The real genius of Steve Jobs.

by Malcolm Gladwell

NOVEMBER 14, 2011

Not long after Steve Jobs got married, in 1991, he moved with his wife to a nineteen-thirties, Cotswolds-style house in old Palo Alto. Jobs always found it difficult to furnish the places where he lived. His previous house had only a mattress, a table, and chairs. He needed things to be perfect, and it took time to figure out what perfect was. This time, he had a wife and family in tow, but it made little difference. “We spoke about furniture in theory for eight years,” his wife, Laurene Powell, tells Walter Isaacson, in “Steve Jobs,” Isaacson’s enthralling new biography of the Apple founder. “We spent a lot of time asking ourselves, ‘What is the purpose of a sofa?’ ”

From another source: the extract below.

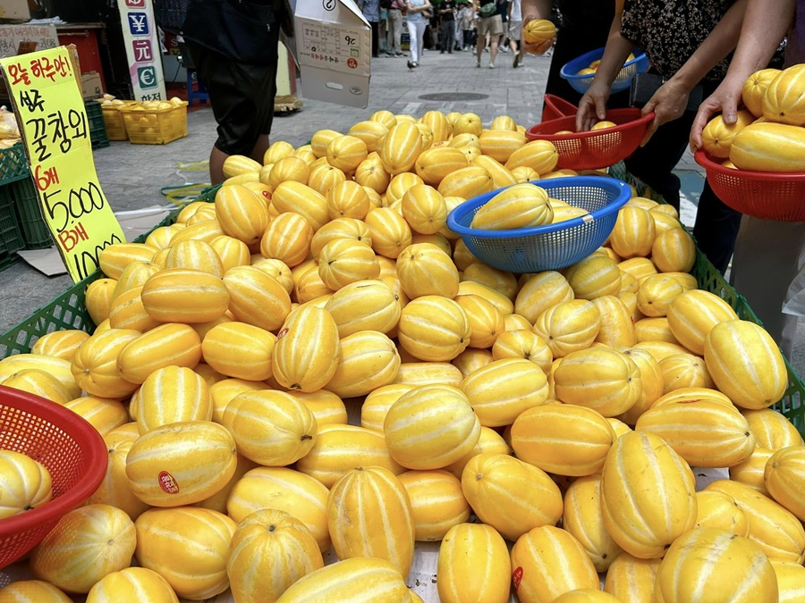 カゴに山盛りの黄色いマクワウリを抱えた人が、そう言いながら歩いてた。

It was the choice of a washing machine, however, that proved most vexing. European washing machines, Jobs discovered, used less detergent and less water than their American counterparts, and were easier on the clothes. But they took twice as long to complete a washing cycle. What should the family do? As Jobs explained, “We spent some time in our family talking about what’s the trade-off we want to make. We ended up talking a lot about design, but also about the values of our family. Did we care most about getting our wash done in an hour versus an hour and a half? Or did we care most about our clothes feeling really soft and lasting longer? Did we care about using a quarter of the water? We spent about two weeks talking about this every night at the dinner table.”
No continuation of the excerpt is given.